“The River Is Blood” in the Admonitions of Ipuwer (Psalm 105)

Bilderesultat for the Admonitions of Ipuwer

Illustration: The Ipuwer Papyrus

The text called The Admonitions of Ipuwer is a lament over the breakdown of society in Egypt, and some compare it to the laments over upheavals found in the Biblical prophets. Ipuwer is most famous in Biblical studies because it contains a line stating that the Nile is blood – and yet people drink from it anyway. This has an obvious historical parallel in the turning of the Nile to blood during the period of the plagues prior to the exodus (Exodus 7:14-25). Psalm 105:29 expresses it this way: “He turned their waters into blood, causing their fish to die.”
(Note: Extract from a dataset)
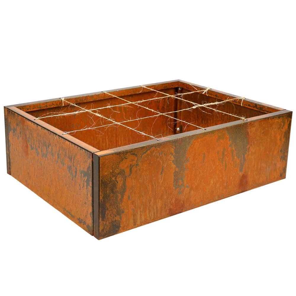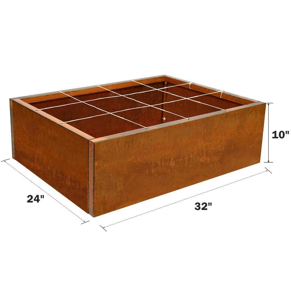 The rectangular Corten steel raised bed is 32 in. L x 24 in. W x 10 in. H and weighs 15.4 lbs. The simple structure makes it an attractive add- on to your garden. The rustic look blends right in with the natural environment. It is ideal for planting vegetables, fruits, herbs & etc.
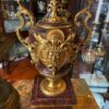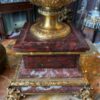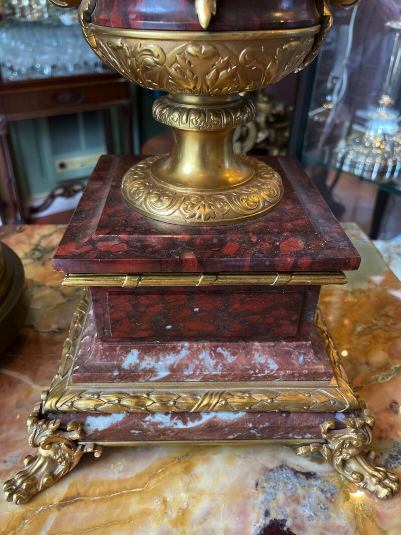 The accompanying candelabras are grand and ornate, each with a heavy rouge marble base and body, adorned with finely detailed gilt bronze mounts. These striking pieces are not only decorative but of substantial weight and superb quality.

Although the date of the composition of Ipuwer is unknown, this lament was probably written long before the exodus and thus is not describing the Biblical event. The expression that the Nile “turned to blood” in Ipuwer may help us to understand what the term would have meant to ancient readers. The implication does not appear to have been that of the river literally full of blood but more likely that the water was so polluted as to have been barely usable.

Another theory is that this is an allegory of many people dying in Egypt, and that somehow some people contributed to this, perhaps unknowingly, hence they kept on drinking the blood/water.